Впервые в жизни я отчетливо почувствовал, что вместе с силами души израсходованы и мои телесные силы. Больше того: что в действительности те и другие образуют единый запас, постепенно расходуемый нашей судьбой{168}. Жизнь, которую мы вели до сих пор, была тяжелой, потому что в ней отсутствовала определенная надежда. Авантюра, в которую мы пустились, совершенно лишена тайного смысла: она есть нечто противоположное судьбоносному потоку. И потому она нас израсходовала. (Рабочие перед плавильными печами, в шахтах и на полях — их жизни ведь тоже расходуются.) Я спрашивал себя, почему Тутайн больше не молится, почему сам я отказался от продолжения своего образования… Я чувствовал приближение момента, когда мне придется принимать какие-то важные решения.

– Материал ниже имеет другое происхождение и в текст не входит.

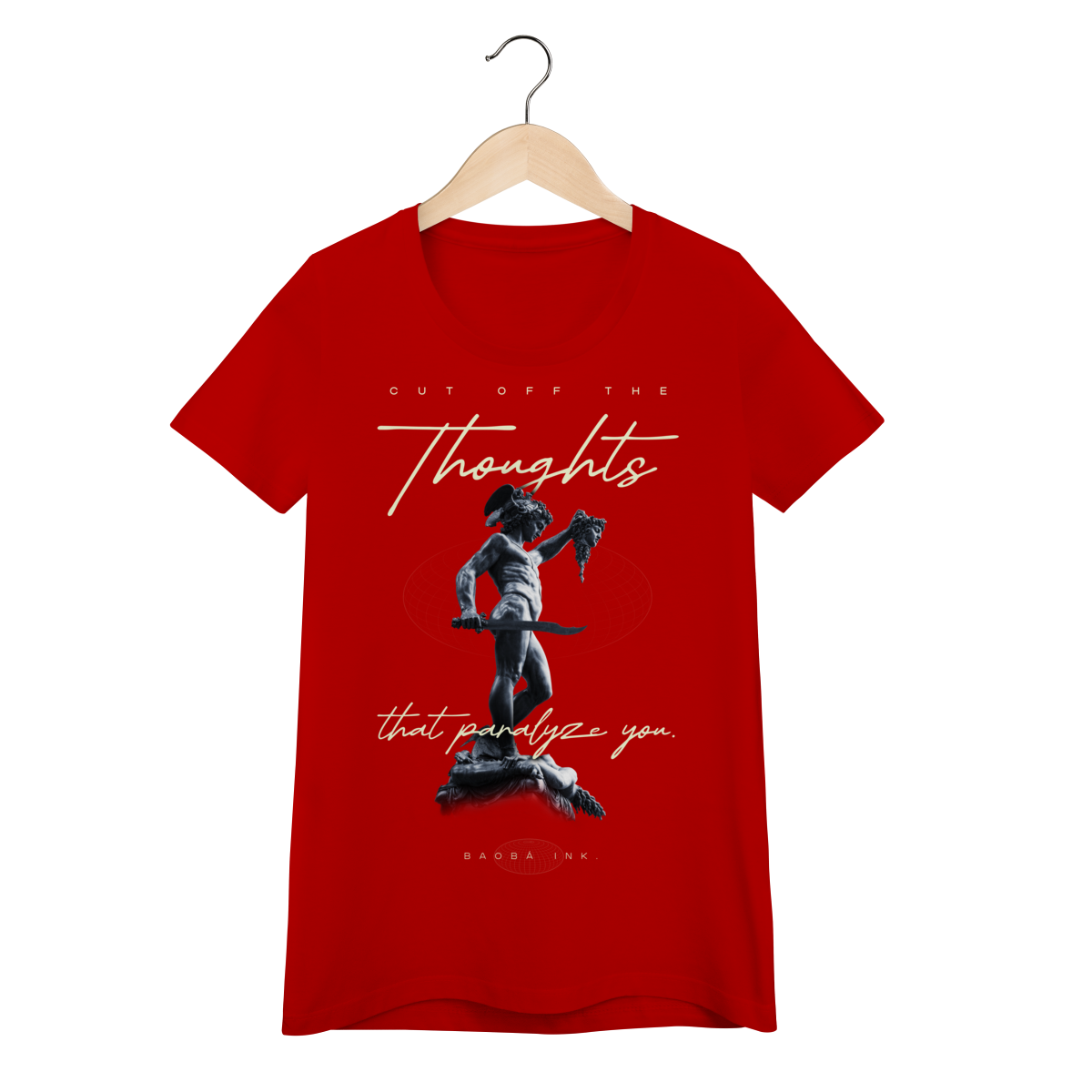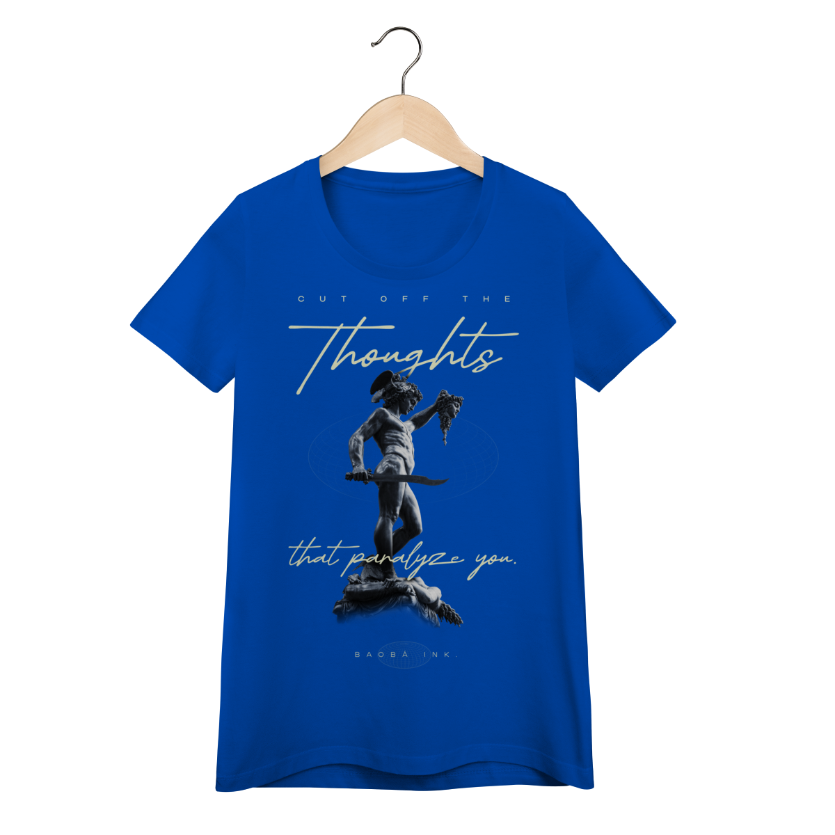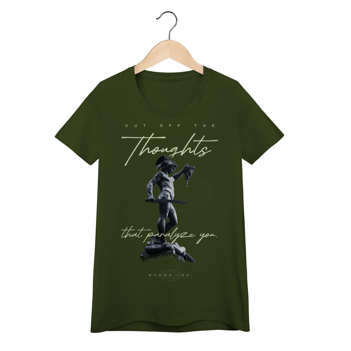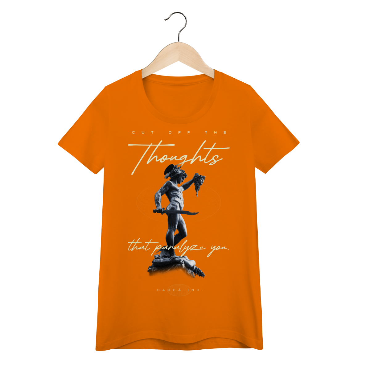 • Estampa frontal “Cut off the thoughts that paralyze you” com arte exclusiva Baobá Ink.

Когда я понял, что потерял Африку (точнее, она вообще для меня не открылась, а я из-за трусости не отважился положить жизнь на то, чтобы добыть знания о ней и соответствующие переживания), моя уверенность в будущем еще больше ослабла. Конечно, я знал: что-то, так или иначе, должно с нами произойти — хотя бы то, что мы оба погибнем. Но для гибели требуется определенное время, и в двадцать пять лет человек, если он здоров, сразу не умирает — даже если вдруг становится запойным пьяницей, начинает глотать кокаин или заражается сифилисом. Ему придется пройти еще какой-то отрезок пути. Дожить до тридцати или тридцати пяти лет…

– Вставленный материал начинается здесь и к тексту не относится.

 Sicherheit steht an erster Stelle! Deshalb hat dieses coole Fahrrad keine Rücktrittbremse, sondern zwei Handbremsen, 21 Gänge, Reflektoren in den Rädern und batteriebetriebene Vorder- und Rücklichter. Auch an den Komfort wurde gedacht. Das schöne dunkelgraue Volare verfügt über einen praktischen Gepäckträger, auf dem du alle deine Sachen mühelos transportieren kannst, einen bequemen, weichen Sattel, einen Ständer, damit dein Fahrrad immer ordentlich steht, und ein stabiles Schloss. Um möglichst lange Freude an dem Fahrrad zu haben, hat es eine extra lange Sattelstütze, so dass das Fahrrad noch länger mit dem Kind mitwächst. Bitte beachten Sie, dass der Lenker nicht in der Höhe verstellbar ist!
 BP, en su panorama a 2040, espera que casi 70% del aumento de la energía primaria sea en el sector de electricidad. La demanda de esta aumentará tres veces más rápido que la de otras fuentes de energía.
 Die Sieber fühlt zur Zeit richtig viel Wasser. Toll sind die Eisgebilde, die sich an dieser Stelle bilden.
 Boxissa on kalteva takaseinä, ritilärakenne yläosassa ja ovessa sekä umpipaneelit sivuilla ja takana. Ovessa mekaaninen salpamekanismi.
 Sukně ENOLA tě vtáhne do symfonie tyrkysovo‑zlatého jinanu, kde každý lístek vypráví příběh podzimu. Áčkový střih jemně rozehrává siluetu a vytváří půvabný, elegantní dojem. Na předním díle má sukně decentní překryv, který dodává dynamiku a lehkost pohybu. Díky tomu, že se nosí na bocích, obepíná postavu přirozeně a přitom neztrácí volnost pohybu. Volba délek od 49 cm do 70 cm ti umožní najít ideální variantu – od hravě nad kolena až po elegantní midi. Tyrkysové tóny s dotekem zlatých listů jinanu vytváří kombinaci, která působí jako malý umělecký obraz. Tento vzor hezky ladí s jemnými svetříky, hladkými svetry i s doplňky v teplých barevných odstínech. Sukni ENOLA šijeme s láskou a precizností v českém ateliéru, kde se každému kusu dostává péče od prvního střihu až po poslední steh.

Я уже задумывался о возможности расстаться с Тутайном. Такое решение как бы напрашивалось само собой. Но я сознавал, какие трудности связаны с осуществлением этого плана, непредсказуемого в своих последствиях. По ту сторону нашего расставания зияла круглая черная дыра. Я бы остался в одиночестве. Покинутый всеми благими силами. Я не владел бы больше этим человеком. И не сумел бы потом иметь дело ни с одним другим. (Я думал о его глазах, кистях рук, пупке, о сосках на его груди, о звуках его голоса, и еще — скольких трудов мне стоило получить обо всем этом точное представление, которое я действительно получил.) Я все откладывал необходимость с этим разобраться на потом. Вероятно, если быть точным, и не особенно хотел разбираться. Но с каждой морской милей, приближавшей нас к северу, решение само приближалось к нам. Не мое решение, не наше решение, а решение как таковое: то будущее, которое уже было в прошлом, которое наконец достигло настоящего и вот теперь неудержимо врастает в Неотвратимое.

* * *

Последней нашей остановкой стал порт Лас-Пальмас{169}. Здесь мы с Тутайном снова оказались на распутье. У нас был выбор: вернуться на том же пароходе в Южную Америку или поискать на земле другое место, более подходящее для продолжения нашего бытия. Когда пароход пришвартовался у внешнего мола Ислеты{170}, чтобы заполнить бункер углем, мы знали: на размышления нам остается два дня.

Тутайн сказал:

— Там легко будет открыть торговлю скотом. (Он подумывал о каком-нибудь южноамериканском городке, имеющем имя на топографических картах и место на земле. Возвращаться в Баию-Бланку мы не собирались.) Мы сумеем вести себя в соответствии с местными обычаями. Все равно, куда бы мы ни попали, нам придется приспособить зримую часть нашей жизни к нашему окружению. Но ведь мы этому научились.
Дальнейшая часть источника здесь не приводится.